The lines from the top of the material below through the line containing "Uma interpretação calorosa" are to be printed exactly, with pictures omitted.

(DATASET EXTRACT):

↓↓↓

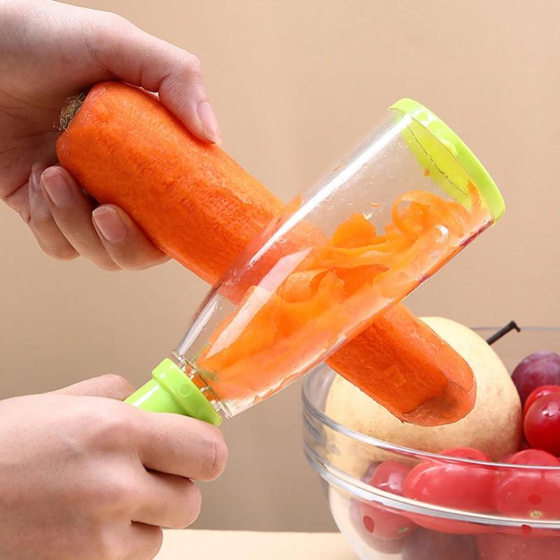 1 шт. Овощечистка с контейнером, Лезвие из нержавеющей стали, Подходит для фруктов и овощей
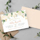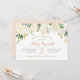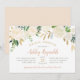 Uma interpretação calorosa e romântica do convite de chá de noiva de rosa branca e folhagens em formato horizontal. O texto em dourado combina-se lindamente com flores em aquarela e folhas de eucalipto exuberantes para uma estética de jardim elegante. O verso apresenta um padrão de bolinhas em pêssego suave que adiciona um detalhe feminino final. Todo o texto e detalhes do evento são fáceis de personalizar para se adequar à sua celebração.
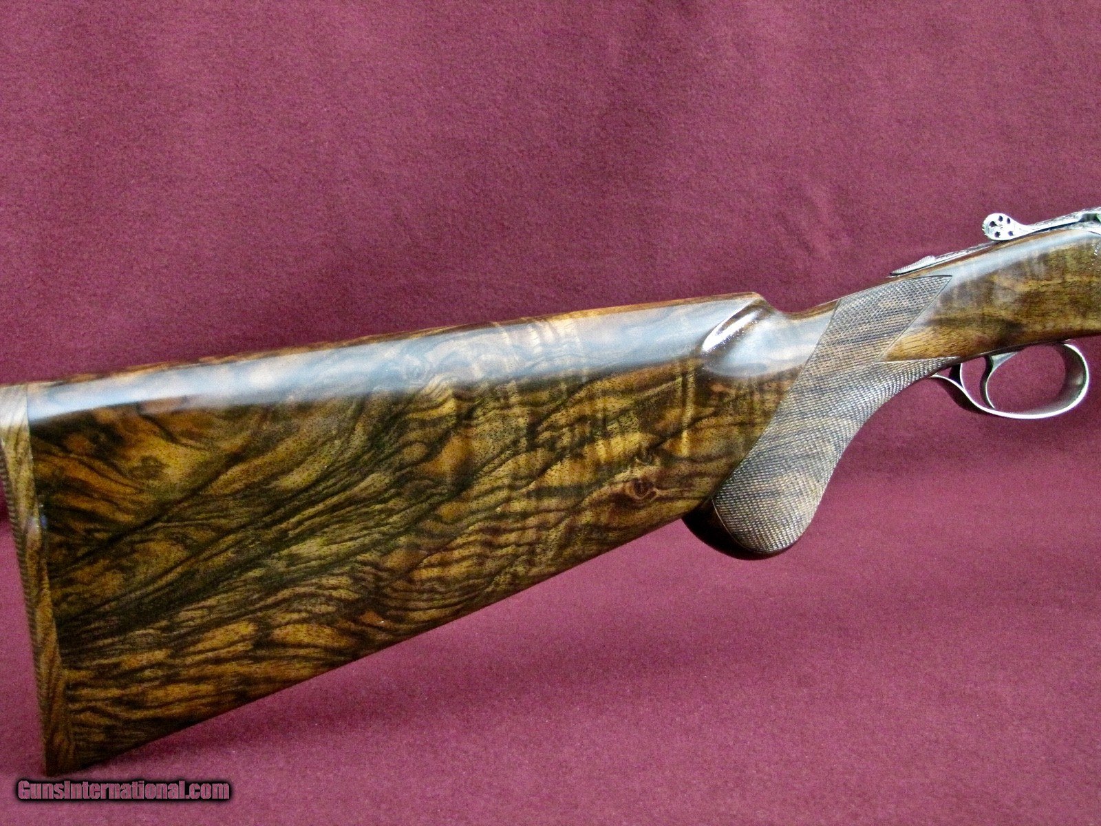 Description: I have for sale a lovely custom ordered and built Fratelli Poli 12 gauge side by side. This gun was ordered in 2007 and completed in 2008 to the owners specifications. The wood on this gun is certainly exhibition grade and the hand engraving is nothing short of spectacular. The gun features Capercaillie Grouse on the left side of the receiver, geese on the right side, and a beautiful English Setter on the bottom of the receiver. Add to this the beautiful scroll work and the silver finish which really enhances the engraving and you have one beautiful gun. Even though the gun was special ordered with over a one year wait, the stock dimensions are very comfortable for the average shooter at 1 3/8 X 2 1/4 X 14 3/4 over the checkered wooden plate and cast off for the right hand shooter. Gun features a single non-selective trigger, 28 inch barrels with .011 of constriction in the right barrel for improved cylinder and .029 in the left for a tight modified. Chambers are 3 inches and marked as such on the flats. Solid flat tapered rib is hand cut checkering to reduce glare. The weight of this gun is exactly 7 pounds and it balances just as it should exactly on the hinge pin. Even though the breech face shows no indication that the gun was ever shot the owner said he did fire the gun. The only marks on the gun are a few tiny marks on the barrels. The wood is very near perfect condition. The gun does come with a luggage case. Price of this work of art is $8900 plus $50 shipping to your FFL. As always there is a three day non-firing inspection period with buyer paying shipping charges if returned. SOLD Manufacturer: Fratelli Poli Model: Sapphire Custom Chambers: 3 inch Ejectors: Selective Well Timed Condition: Excellent Metal Condition: Excellent Light Marks Wood Condition: Excellent Bore Condition: Excellent / As New Barrels: 28 inches Action: Boxlock Triggers: Single Non-Selective Gauge Info: 12 Stock Comb: 1 3/8 Stock Heel: 2 1/4 Stock Cast: Off for Right Hand Shooter Fore End: Slim Beavertail Butt Pad: Wood Butt Plate LOP: 14 3/4 Rib: Hand Filed Solid Weight: 7 pounds 0 ounces Manufacture Date: 2008 Choke Left: .029 Modified Choke Right: .011 Improved Cylinder Engraving: Custom Game Scene Case: Luggage with Cover |

↑↑↑

(EXERCISE RESULT):
 1 шт. Овощечистка с контейнером, Лезвие из нержавеющей стали, Подходит для фруктов и овощей
 Uma interpretação calorosa e romântica do convite de chá de noiva de rosa branca e folhagens em formato horizontal. O texto em dourado combina-se lindamente com flores em aquarela e folhas de eucalipto exuberantes para uma estética de jardim elegante. O verso apresenta um padrão de bolinhas em pêssego suave que adiciona um detalhe feminino final. Todo o texto e detalhes do evento são fáceis de personalizar para se adequar à sua celebração.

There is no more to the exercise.